Work request: Once you have read the records below, report how many lines contain the word "with", and give nothing besides that number.
+++ Data shown
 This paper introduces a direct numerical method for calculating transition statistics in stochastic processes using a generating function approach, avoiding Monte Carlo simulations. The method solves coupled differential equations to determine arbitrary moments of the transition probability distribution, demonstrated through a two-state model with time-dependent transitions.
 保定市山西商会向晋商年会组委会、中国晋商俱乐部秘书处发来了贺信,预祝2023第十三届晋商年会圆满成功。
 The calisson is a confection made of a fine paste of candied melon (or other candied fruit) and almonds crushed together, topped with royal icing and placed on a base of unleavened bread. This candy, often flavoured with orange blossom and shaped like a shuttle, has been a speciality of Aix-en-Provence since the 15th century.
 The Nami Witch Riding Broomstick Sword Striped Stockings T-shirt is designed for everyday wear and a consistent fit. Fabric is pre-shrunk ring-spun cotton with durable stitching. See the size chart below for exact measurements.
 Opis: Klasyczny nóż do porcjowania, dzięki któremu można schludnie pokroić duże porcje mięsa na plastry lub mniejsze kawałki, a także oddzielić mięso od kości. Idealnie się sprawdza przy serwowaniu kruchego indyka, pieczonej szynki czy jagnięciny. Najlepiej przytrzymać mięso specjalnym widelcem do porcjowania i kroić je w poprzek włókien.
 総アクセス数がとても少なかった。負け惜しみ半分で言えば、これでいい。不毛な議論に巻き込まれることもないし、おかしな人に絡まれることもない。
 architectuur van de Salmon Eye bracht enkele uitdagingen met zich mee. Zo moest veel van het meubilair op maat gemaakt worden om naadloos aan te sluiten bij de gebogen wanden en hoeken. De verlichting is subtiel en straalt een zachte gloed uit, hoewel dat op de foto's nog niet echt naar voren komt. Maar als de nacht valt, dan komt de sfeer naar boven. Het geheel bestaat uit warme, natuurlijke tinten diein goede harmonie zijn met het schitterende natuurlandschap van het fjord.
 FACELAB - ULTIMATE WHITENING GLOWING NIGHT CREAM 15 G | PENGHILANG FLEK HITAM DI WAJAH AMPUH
++++++
Reply to the task: 3